=== Begin Enclosure ===

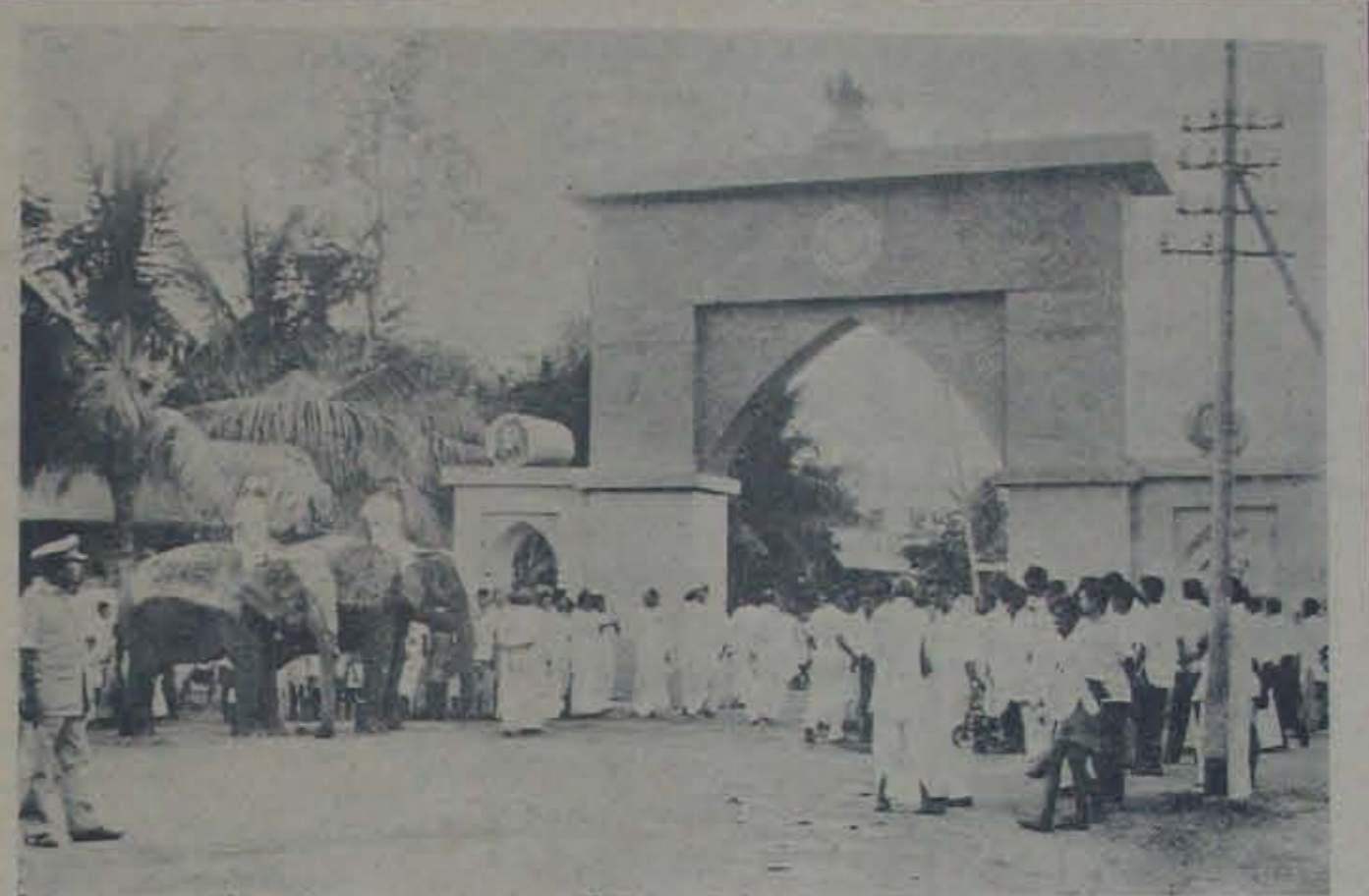
నెల్లూరు దొడ్ల కొనలయ్య ప్రభుత్వ మహిళా కళాశాల ప్రారంభోత్సవ సందర్భంగా కలెక్టరు బంగళారోడ్డు క్రంకు రోడ్డులో శ్రీ శ్రీ సోపా నిర్మించబడిన హూరి ప్రవేశ ద్వారం.

మాడవనాడుమాత్రమే రూ. 40,000 అర్బుతోజరిగిన ఈసభలో పాల్గొన్నవారు కొన్నిసార్లుకూడా, సభ్యులూకూ రాగలిగారు. వారు ఆహూదించిన తీర్మానాలలో కూడా సాంస్కృతిక ప్రభుత్వంలోపం, దేశ
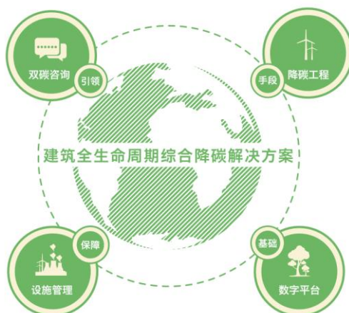
延华绿色双碳与数字能源业务全生命周期管理和服

在国家和地方各个领域“双碳”政策的加持下，节能服务产业保持快速发展态势。控股子公司东方延华公司作为上海市节能行业的头部企业，致力于将节能服务与数字化、智能化深度融合发展，围绕“安全、健康、绿色、智能”战略核心，开展双碳咨询、数字能源、降碳工程、智慧运维等建筑全生命周期的服务与运营。“双碳”背景下，低碳与数字能源版块将发力大型建筑和重点用能单位的碳资产管理服务，内容涉及碳审计、碳核算、碳纳入、碳监测、碳报告、碳交易、碳清缴等全过程的碳资产管理业务，助力双碳目标达成。
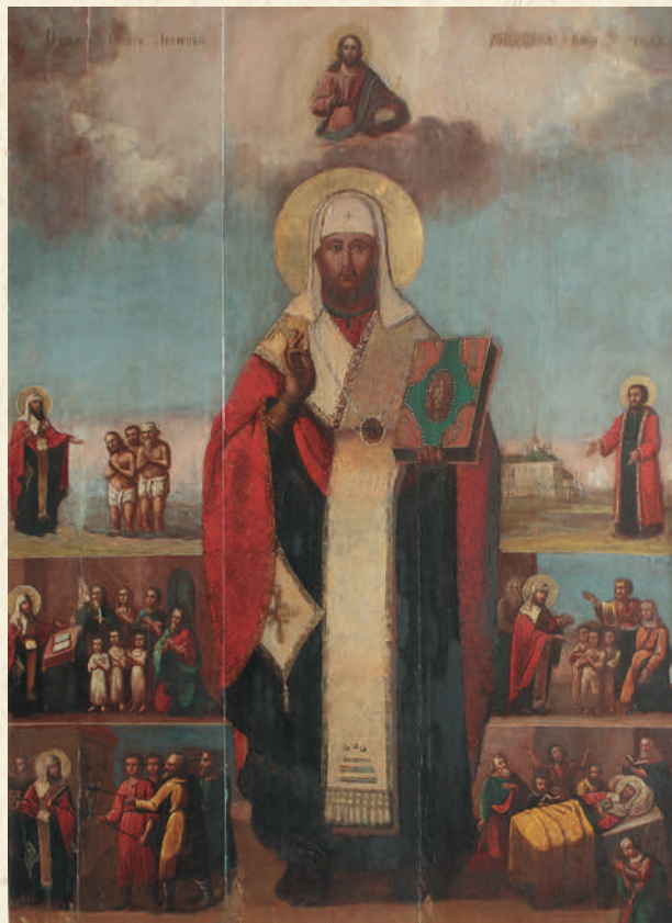
Икона святителя Леонтия Ростовского с житием

3 июня — святых равноапостольных Константина и Елены. 14 июля — святых целителей и бессребренников Космы и Дамиана Римских. 10 августа — иконы Пресвятой Богородицы Одигитрии.
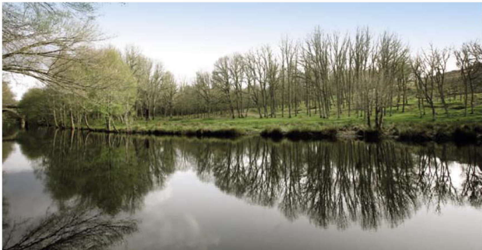
Río Frio entre Villasrubias y Peñarada.
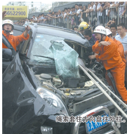
绳索套住方向盘往外拉。
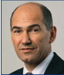
M. Janez Janša,
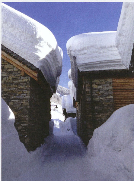
Les structures porteuses subissent souvent de fortes charges, notamment dues à la neige : maisons enneigées à Bosco Gurin (TI). (© Ruth Tomamichel)

Au chapitre 10 Trafic routier , le chiffre 10.2.1 a été remanié pour mieux décrire la disposition des charges selon les différents modèles et il est désormais intitulé « Voies de circulation fictives » au lieu de « Division de la chaussée ». La poussée des terres due aux charges routières qui s'exercent sur les ouvrages de soutènement a été définie plus précisément.
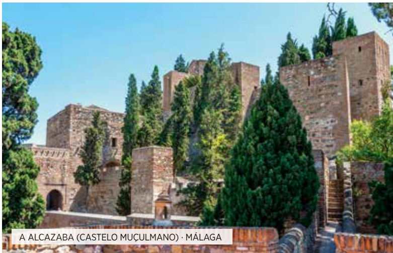
A ALCAZABA (CASTELO MUÇULMANO) · MÁLAGA
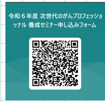
令和6年度 次世代のがんプロフェッショナル 養成セミナー申し込みフォーム
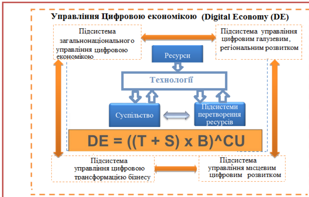
Рис. 1. Схема зв'язків між рівнями цифрової національної економіки як системи

визначається та трансформується відповідно до конфігурацій взаємозв'язків між усіма її суб'єктами та об'єктами, то цілком очевидно, що ефективно взаємодіяти ці елементи можуть лише за умов збалансованого моновекторного впливу підсистем національного управління, управління регіональним, місцевим розвитком та управління мікро рівня (бізнес середовище). Не можна забувати звісно і про «глобальне тло», тобто підсистеми міжнародного управлінського впливу у випадку цифрової трансформації економіки це Єдиний цифровий ринок ЄС до якого має намір долучитися наша країна.

=== End Enclosure ===

### Task brief
Leaving out the pictures, please output the lines in the entries above from the one with "绳索套住方向盘往外拉。" through the one with "Les structures porteuses", exactly as they are.

### Task answer
绳索套住方向盘往外拉。
M. Janez Janša,
Les structures porteuses subissent souvent de fortes charges, notamment dues à la neige : maisons enneigées à Bosco Gurin (TI). (© Ruth Tomamichel)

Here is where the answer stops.